Types of Stabilisers
Rice husk ash (RHA) is one of the commonly used waste materials used as soil stabilizers. It is comprised of one of the common and widely spread kinds of waste that are difficult to dispose of and can cause various negative effects on the environment and human health. In that way, the use of RHA in for the enhancement of the physical properties of soil is an effective way to recycle it. RHA can be used separately or as a part of admixture with cement and lime. It provides excellent support that is enduring and long-lasting (Singh & Mittal, 2014).
Another popular stabilizer is fly-ash. This is produced by electric generating facilities powered by coal. This byproduct is generated in large quantities and requires a proper way of reusing. In contrast to RHA, fly-ash does not have a good binding capacity and cannot be used as a stabilizer on its own (Makusa 2012). Fly-ash is used as a part of mixtures with activators that boost its strengths and cementitious qualities.

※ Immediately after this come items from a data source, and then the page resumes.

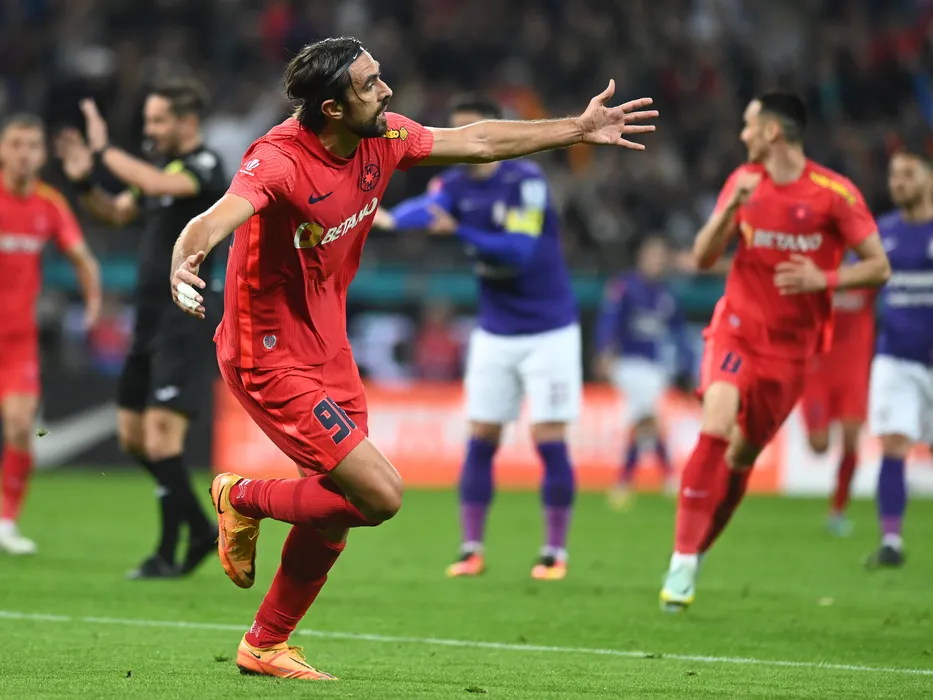 Andrea Compagno se bucura dupa un gol marcat in meciul de fotbal dintre FCSB si Rapid Bucuresti, contand pentru Superliga Superbet, desfasurat pe Arena Nationala din Bucuresti, duminica 6 noiembrie 2022. © FOTO:Razvan Pasarica/SPORT PICTURES
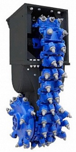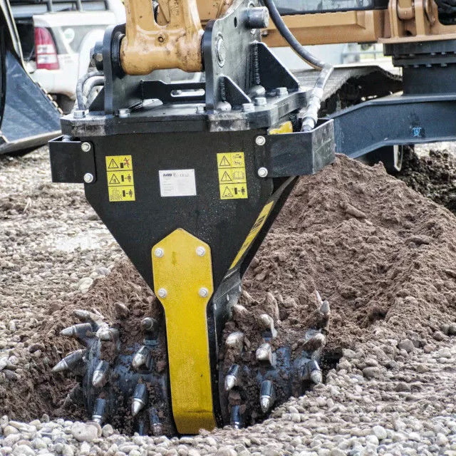 Die Geräte eignen sich gut zum Verlegen schmaler Gräben ab 480 mm Breite bei optimalem Wandprofil. Die durchgehende Kette, die von Trommeln mit Messern angetrieben wird, entfernt automatisch das zerkleinerte Material aus dem Zwischenraum. Das Ausheben eines Grabens mit minimaler Breite spart unnötige Transportkosten für den Abtransport von Brechgut und reduziert die Schüttgutkosten.
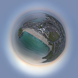 photos taken from a professional drone. The photos were then digitally stitched together to form a 'tiny planet.'
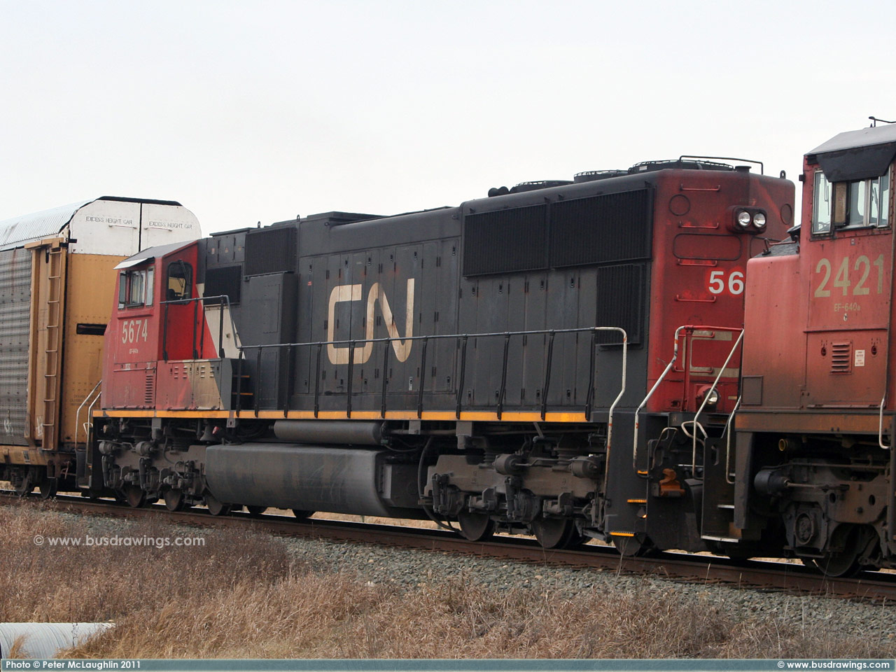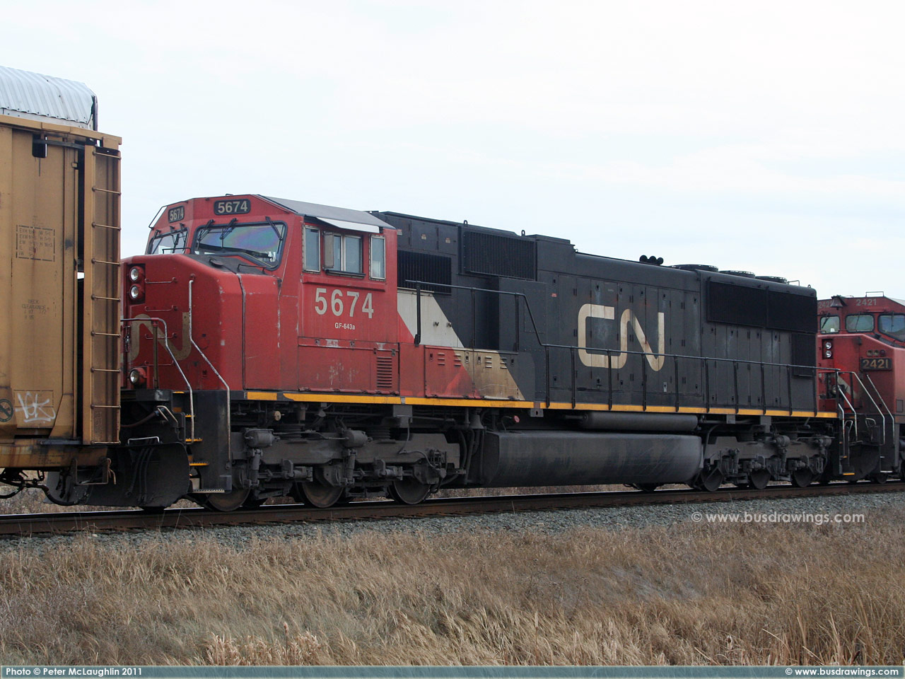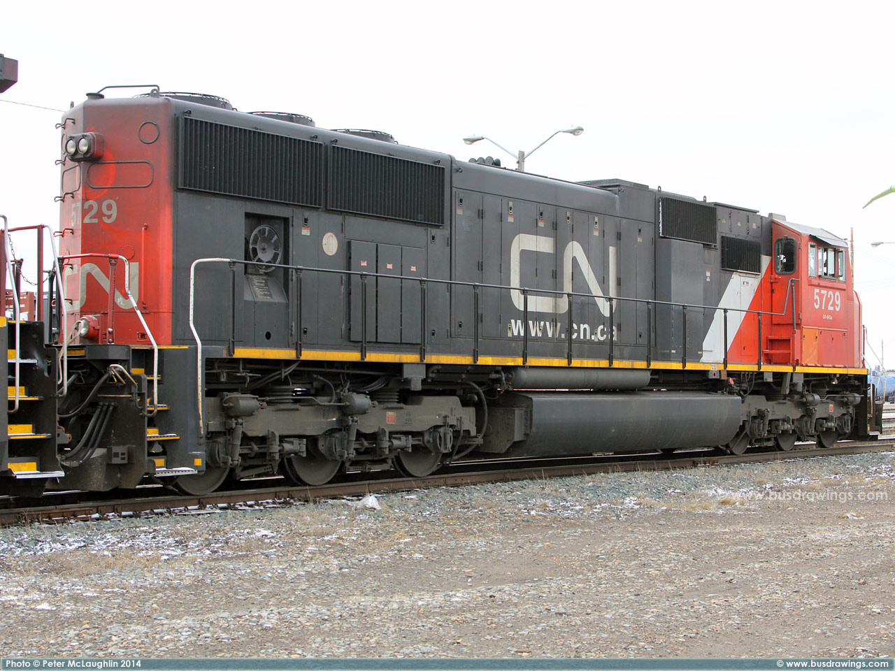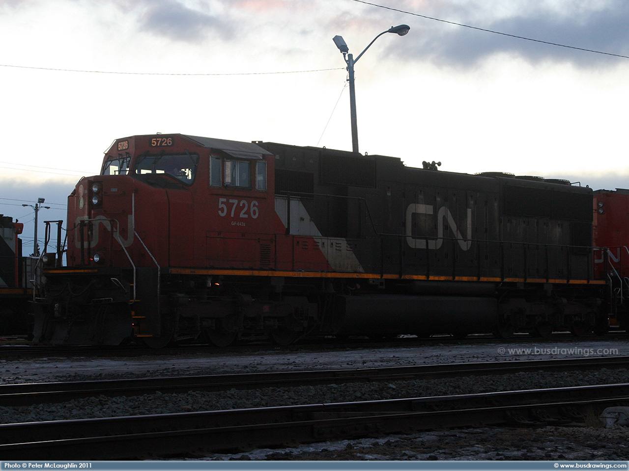 #5780 is seen leading CN #'s 2658 and 6928 as they depart light loaded out of the Sarcee yard in S.E. Calgary in December of 2005. Exact date unknown. Photo captured by Peter McLaughlin. |
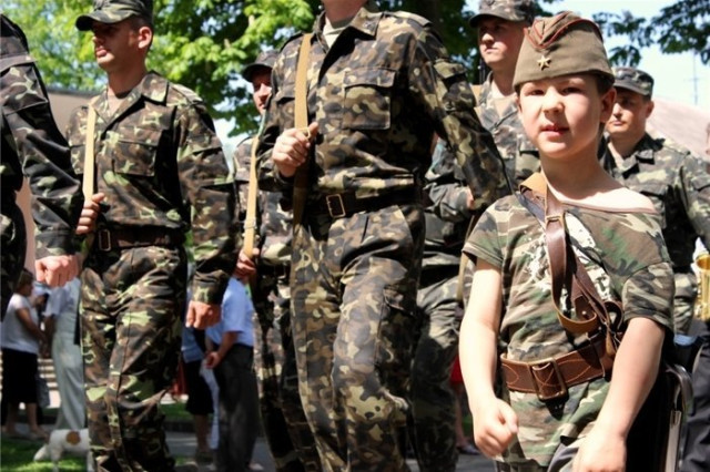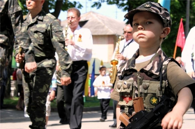Маленький воїн-хлопчик віднісся до параду серйозно!!! ;)Відповідально стоїть.

Green Bayburt Stone (GBS) is a waste material that occurs in the mining of Bayburt stone due to a high rate of rejection. It is used in soil stabilization due to its pozzolanic qualities, which make it good as enduring the destructive freezing and thawing processes (Yilmaz, Kamiloğlu & Şadoğlu 2014). GBS is used in combination with lime for the best results. Another popular type of material used as stabilizers is represented by solid plastic waste and plastic fiber.

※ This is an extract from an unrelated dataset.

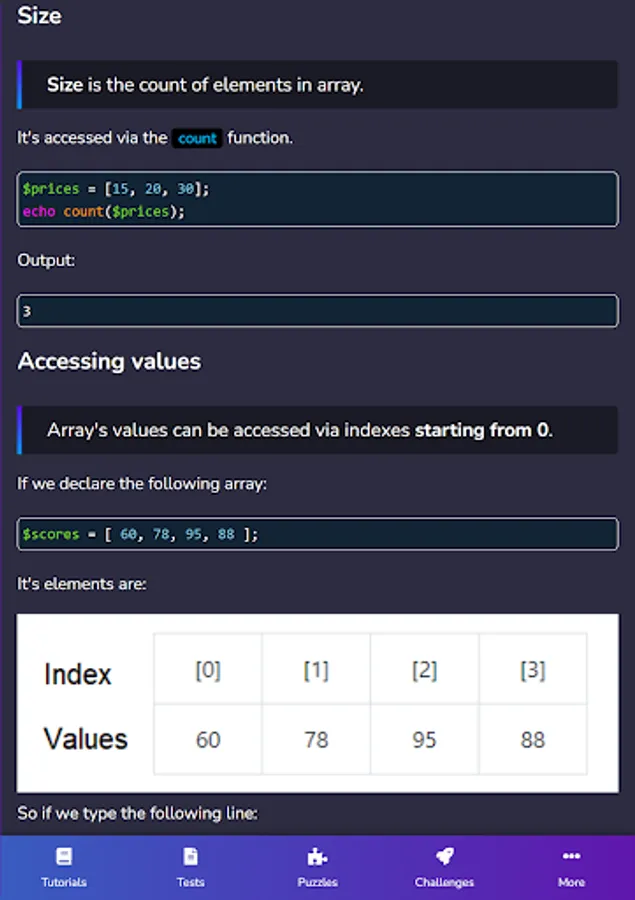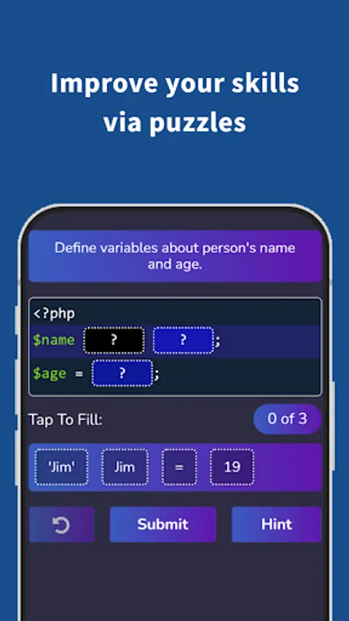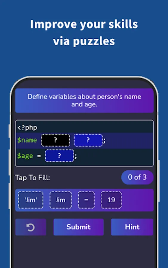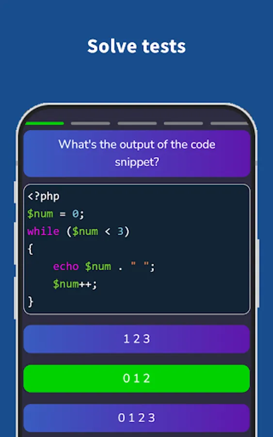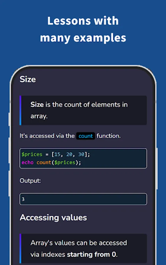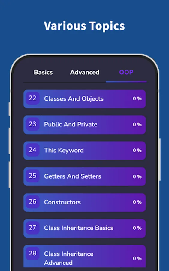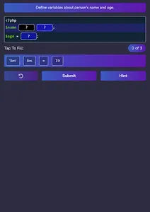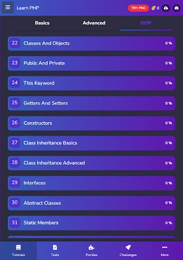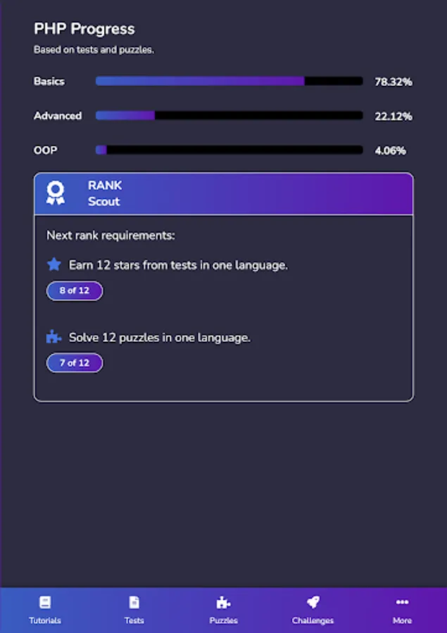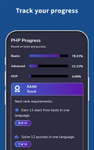 The app provides gamification UI to make your PHP learning experience awesome. Each PHP task you complete will get you closer and closer to becoming a PHP developer. It doesn't matter if you are a beginner starting his/her PHP coding journey or you're experienced learning OOP - Object oriented programming in PHP.

These materials are added in mixtures with cement and in bituminous mixtures (Kumari, Sonthwal & Rattan 2016). They help create flexible and well-enduring surfaces that withstand high temperatures and have the excellent load-bearing capacity. Plastic fiber can be employed for the fortification of concrete. Apart from providing good soil stabilizing properties, plastic waste also helps reuse and recycle a harmful and ubiquitous kind of solid waste that is cheap and easy to access is large quantities.
References
Jaya, D, Ashraf, A, Sunil, & Veena, M 2011, ‘Soil stabilization using raw plastic bottles,’ in Proceedings of Indian Geotechnical Conference, Kochi, pp. 489-492.
Kumari, B, Sonthwal, V & Rattan JS 2016, ‘Soil stabilization by using waste material: a review,’ International Journal of Engineering Science Invention Research & Development, vol. 3, no. 1, pp. 85-90.
Makua, GP 2012, Soil stabilization methods and materials. Web.
Singh, M & Mittal, 2014, ‘A review on the soil stabilization with waste materials,’ International Journal of Engineering Research and Applications, pp. 11-16.
Subbarao, GV, Siddartha, D, Muralikrishna, T, KS, Sailaja, KS & Sowmya, T 2011, ‘Industrial wastes in soil improvement,’ Civil Engineering, vol. 2011, pp. 1-5.
Yilmaz, F, Kamiloğlu, HA & Şadoğlu, E 2014, ‘Soil stabilization with using waste materials against the freezing-thawing effect,’ Acta Physica Polonica, vol. 128, no. 2, pp. 392-394.